Nikon for me just bought the d3100 with 18-55 and 70-300 lenses,very impressed with it so far.:thumb:


----------



## wookey (Jul 13, 2007)

Prefer the layout of the Canon, nice to handle imho.

Plus my mate is a professional photographer so get to borrow his lenses


----------



## Buck (Jan 16, 2008)

I bought a bridge camera nearly 9 years ago and back then the Canon G3 was hands down the best available. When I went to a DSLR I tried both Nikon and Canon. IMHO they are near identical in terms of what the cameras can do but the operating menus are quite different. I felt more at home with the Canon set up/menus.


----------



## zsdom (Aug 30, 2011)

I bought a 300d from ebay for dirt cheap, got a few lenses for it then didnt want to swap, I've used Nikons a few times & didnt like the feel of them so now I stick to my 40D.
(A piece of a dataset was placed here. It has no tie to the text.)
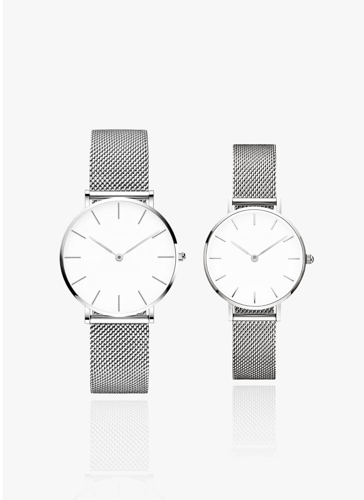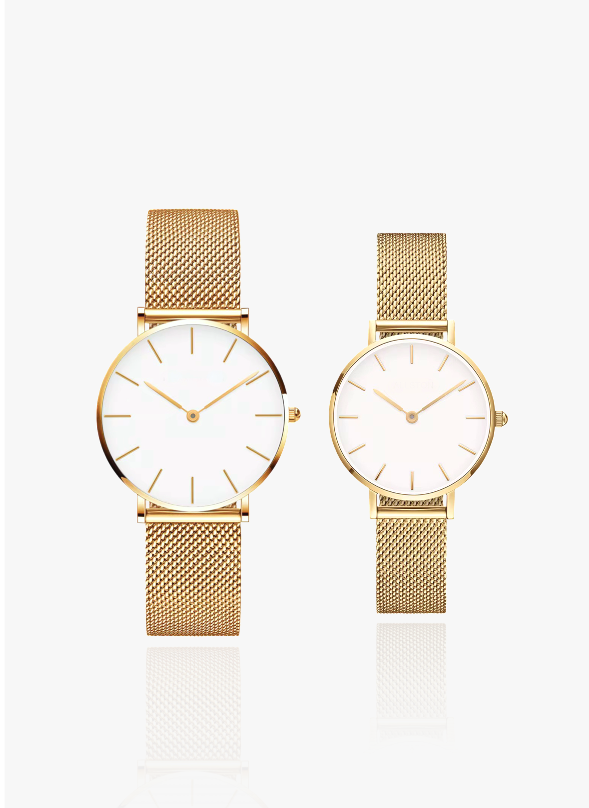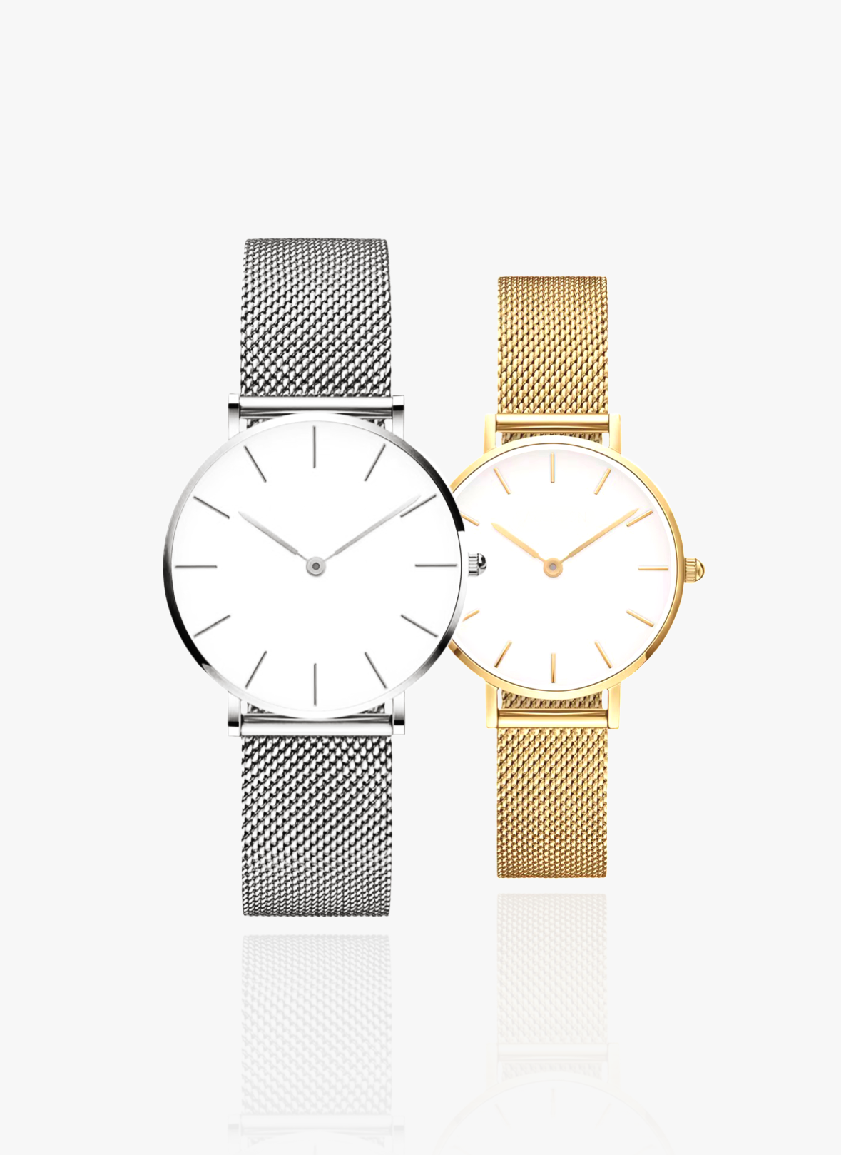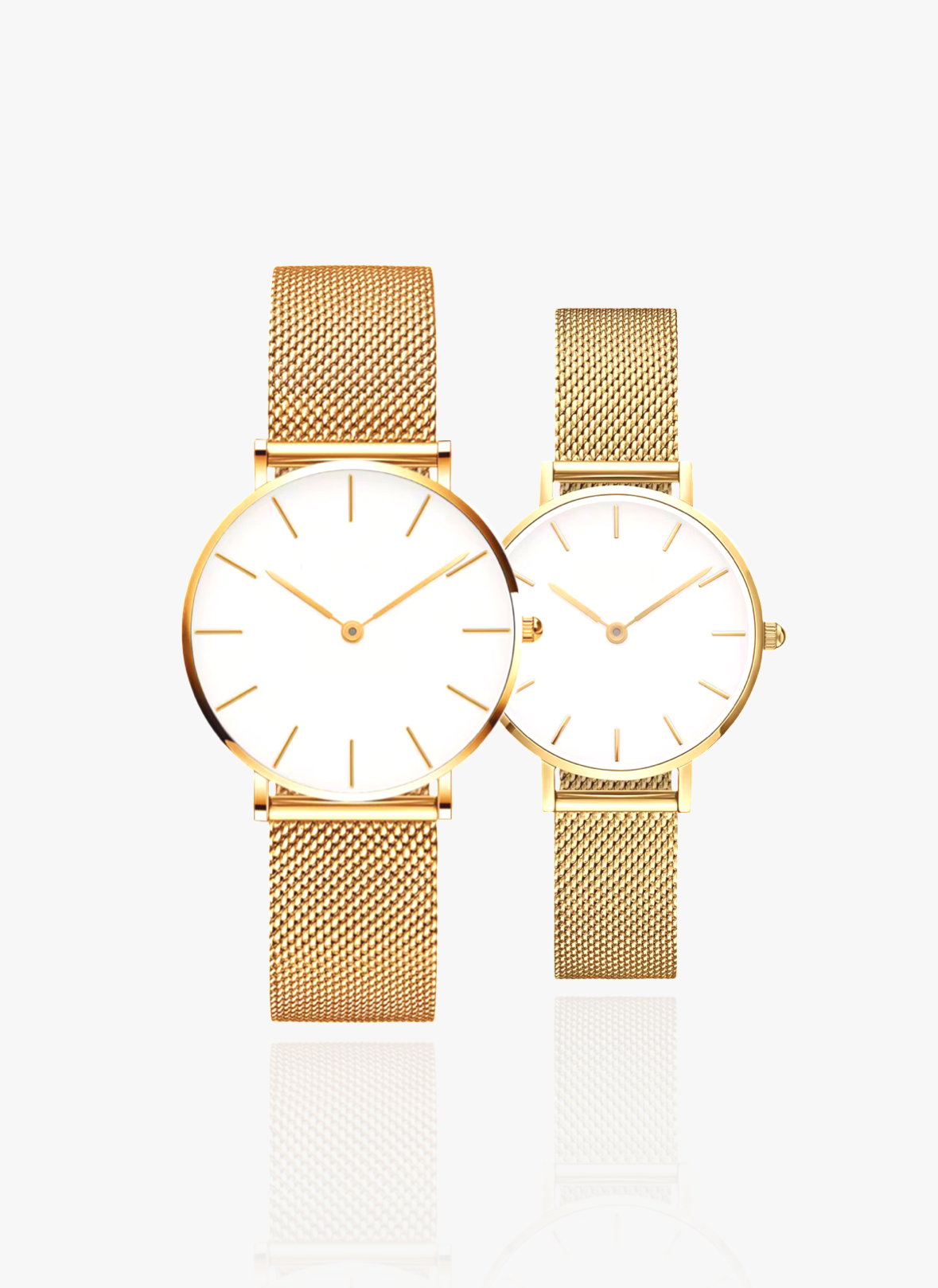 Eer uw verbinding met een gepersonaliseerde horlogeset voor koppels, individueel gegraveerd in ons atelier in Amsterdam om te weerspiegelen wat uw relatie speciaal maakt. Ontworpen voor alledaagse elegantie, elk uurwerk is waterdicht en anti-aanslag, zodat het jarenlang zijn glans behoudt. De verstelbare, uniseks pasvorm zorgt ervoor dat beide partners hun horloge met comfort en vertrouwen dragen.

6.5fps is great for shooting aircraft as I like to do. Badly!!


----------



## OvlovMike (Jul 19, 2011)

Canon because I just feel more comfortable with it. Had a Nikon for 12 months and used it twice, use my Canon a few times a week.


----------



## partrir (Mar 31, 2009)

White lenses.

Seriously, got a cheap secondhand EOS650 when I was at school and doing A Level photography. It was purely the price of this camera that started me on the Canon road. I still have the 50mm f1.8 it cam with some 20 odd years later.

I now have a huge collection of Canon kit, and the backup from Canon Professional Services is second to none.


----------



## 62mph (Jul 28, 2010)

Canon - Nikon lenses work back to front


----------



## robz (Apr 18, 2006)

62mph said:


> Canon - Nikon lenses work back to front


So true

I have a D90 at my disposal as well as a 350D ... the amount of times i've gone to use the nikon and got it back to front :lol:


----------



## ocatoro (Oct 3, 2011)

i bought a nikon when upgrading from a fuji s5600 bridge because the photographer who was teaching me had a nikon and assured me the controls were simpler... i guess thats applicable even if it was just easier for him to explain things because of the similarity to his d2x


----------